▸ **How to complete this task**
When you reach a picture, pass over it; otherwise repeat the listing word for word.

▸ **Working data**

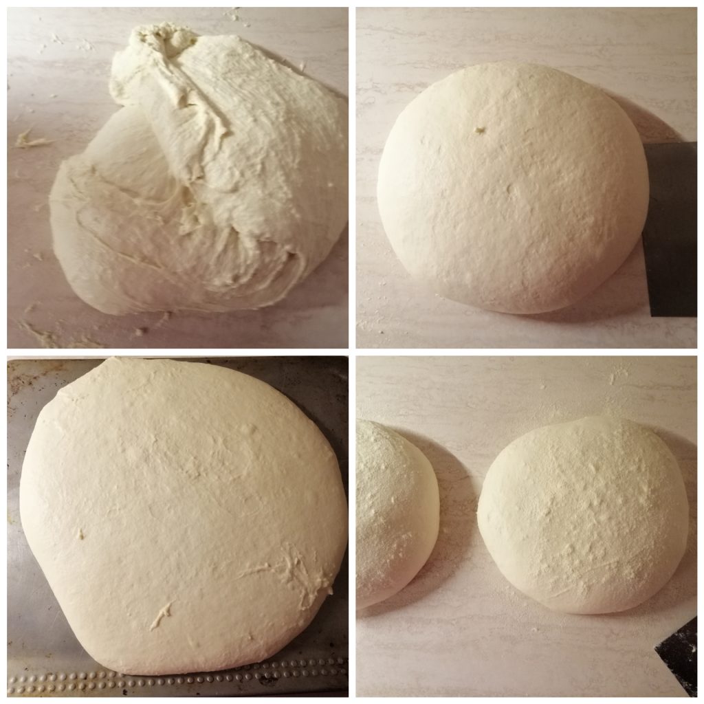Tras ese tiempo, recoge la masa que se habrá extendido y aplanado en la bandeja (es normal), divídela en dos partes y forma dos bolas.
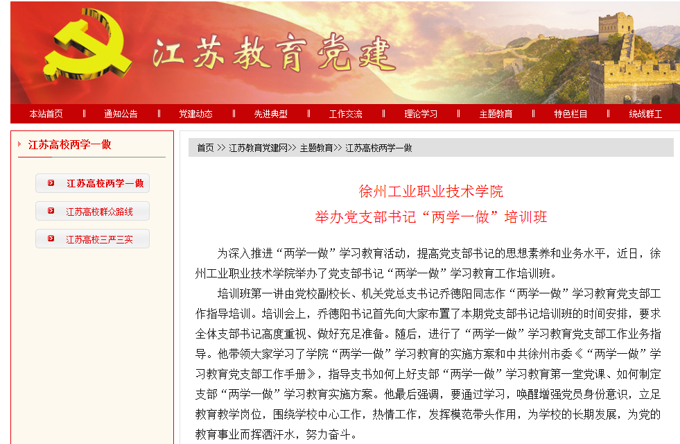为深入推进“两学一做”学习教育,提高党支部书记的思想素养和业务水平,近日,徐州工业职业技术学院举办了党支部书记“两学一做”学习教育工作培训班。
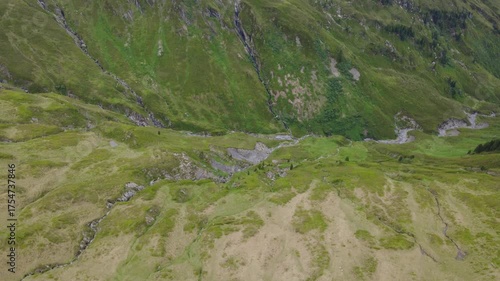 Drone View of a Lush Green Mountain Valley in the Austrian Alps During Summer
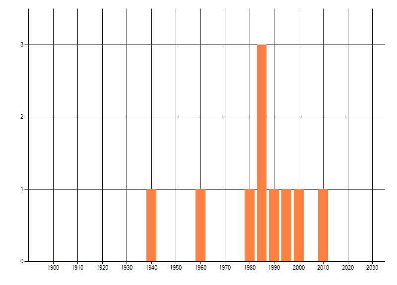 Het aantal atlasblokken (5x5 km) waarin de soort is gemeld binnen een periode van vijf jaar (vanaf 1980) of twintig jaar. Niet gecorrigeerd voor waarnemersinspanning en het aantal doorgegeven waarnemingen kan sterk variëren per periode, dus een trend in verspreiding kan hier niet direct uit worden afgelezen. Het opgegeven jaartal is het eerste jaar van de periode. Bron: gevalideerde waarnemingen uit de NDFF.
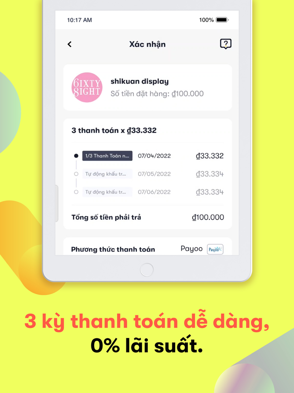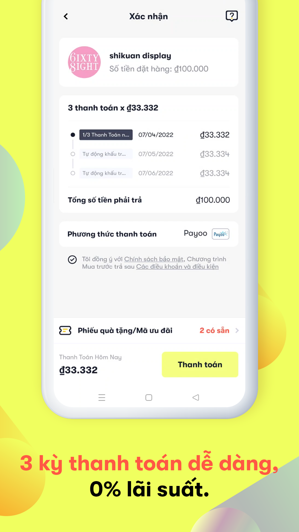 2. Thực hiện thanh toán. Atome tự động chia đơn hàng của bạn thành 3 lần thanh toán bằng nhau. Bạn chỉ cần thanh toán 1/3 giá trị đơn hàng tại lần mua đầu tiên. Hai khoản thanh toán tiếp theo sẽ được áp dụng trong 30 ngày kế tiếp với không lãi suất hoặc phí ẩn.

▸ **Completed exercise**
Tras ese tiempo, recoge la masa que se habrá extendido y aplanado en la bandeja (es normal), divídela en dos partes y forma dos bolas.
为深入推进“两学一做”学习教育,提高党支部书记的思想素养和业务水平,近日,徐州工业职业技术学院举办了党支部书记“两学一做”学习教育工作培训班。
 Drone View of a Lush Green Mountain Valley in the Austrian Alps During Summer
 Het aantal atlasblokken (5x5 km) waarin de soort is gemeld binnen een periode van vijf jaar (vanaf 1980) of twintig jaar. Niet gecorrigeerd voor waarnemersinspanning en het aantal doorgegeven waarnemingen kan sterk variëren per periode, dus een trend in verspreiding kan hier niet direct uit worden afgelezen. Het opgegeven jaartal is het eerste jaar van de periode. Bron: gevalideerde waarnemingen uit de NDFF.
 2. Thực hiện thanh toán. Atome tự động chia đơn hàng của bạn thành 3 lần thanh toán bằng nhau. Bạn chỉ cần thanh toán 1/3 giá trị đơn hàng tại lần mua đầu tiên. Hai khoản thanh toán tiếp theo sẽ được áp dụng trong 30 ngày kế tiếp với không lãi suất hoặc phí ẩn.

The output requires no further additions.